We found that 40% of patients visiting the Srinagarind hospital outpatient department were paying out of pocket. The most common reasons were desire of treatment from a specialist, the reputation of the hospital, service satisfaction, having received ineffective treatment from another health-care provider, having been recommended by a friend or relative, and the perception that their local healthcare provider would not be able to treat their illness. However, more than half of these patients believed that their visit would be covered by the national health-care services.

Surprisingly, more than half of the patients visiting the Srinagarind hospital outpatient department did not know about their government-provided health insurance. This may have resulted from misunderstanding in the term of health insurance between the patients and medical personnel. In medical personnel, health insurance according to the Thai public health system means that there is no payment need in patients visiting health-care provider. However, in some patients, hospital cost to pay also means that they have the hospital's health insurance. This kind of misunderstanding can lead to hospital visits that are not covered by the patient's insurance. This issue is simply solved by extensively provide the corrected information regarding health care insurance.

Most patients, regardless of coverage status or place of residence, visited Srinagarind hospital because they desire of treatment by a specialist. This finding is consistent with those of a previous descriptive study, which found that self-referral patients bypassed primary care facilities due to distrust in the medical personnel/equipment at the primary facilities, high illness expectation more than the primary care can handle,[6] and their perceptions of their diseases/symptoms. However, patient perception of illness often does not correspond with reality. A previous study suggested that patients tend to evaluate their necessity to undergo examination higher than physicians do.[8] Patients visiting the outpatient department are generally patients without emergency conditions and who are not in need of a specialist. Despite this, many of these patients seek out treatment facilities in which specialists are available, possibly as a result of anxiety[9] or wrongly estimating the emergency level of their disease.[10]

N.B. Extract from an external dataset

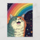 En bedårande fluffig katt i rymden med en regnbåge i en retro stil AI-genererad konst
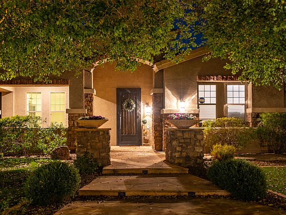 Welcome to this breathtaking model like home that will transport you to a world of unparalleled luxury and comfort. Nestled in a serene and picturesque location, this stunning home boasts a blend of contemporary design and rustic charm. Step inside and be greeted by soaring 10' ceilings, spacious bright & airy floor plan that seamlessly flows from one room to another, providing an ideal space for both intimate gatherings and grand entertaining. All bedrooms are equally impressive, each with their own unique character and charm and walk in closets. The gourmet kitchen is a chef's dream, complete with top-of-the-line appliances, upgraded double bull nose travertine countertops, custom cabinetry including 10' full height cabinets with glass display paneling and bar area all featuring soft close hinges and doors. Upgraded light fixtures throughout and a large center island perfect for meal prep and casual dining. The primary suite is a luxurious oasis, featuring a complete master bathroom remodeled with chevron wood-like tile flowing seamlessly into the closet, free standing claw tub, walk in shower, double vanities with Quartz countertops, mood floor lighting, stunning chandelier, and much more! You can enter through the private exit to the resort-style backyard boasting an ULTIMATE high-tech pool and spa. Featuring travertine surrounds, swim up bar, wi-fi automation to control lights, jets, cleaning system, ramada lighting, waterfalls, and much more! Entertain in the expansive outdoor kitchen and dining area with the wok pot gas fire and gas fire pit.

Patients who resided outside of Khon Kaen had different reasons for visiting Srinagarind Hospital than those living within the province. The reasons for interprovincial visits were requiring treatment by a specialist, having received ineffective treatment from another health-care provider, having been recommended by a friend or relative, and the perception that their local health-care provider would not be able to treat their illness. These reasons demonstrated an attitude to the health-care provider and confidence in the treatment of tertiary care from patients and people around. Although the illnesses of many patients in this study could have been treated by a local health-care provider, the patients spent the additional time and money required to receive treatment at the tertiary hospital. This finding was consistent with those in previous reports, which have suggested that patients have a low level of confidence to primary care units.[11],[12],[13] These support the decentralization of health-care system, which is in the part of reduction of the social disparity, to distribute more specialist to the primary and secondary care.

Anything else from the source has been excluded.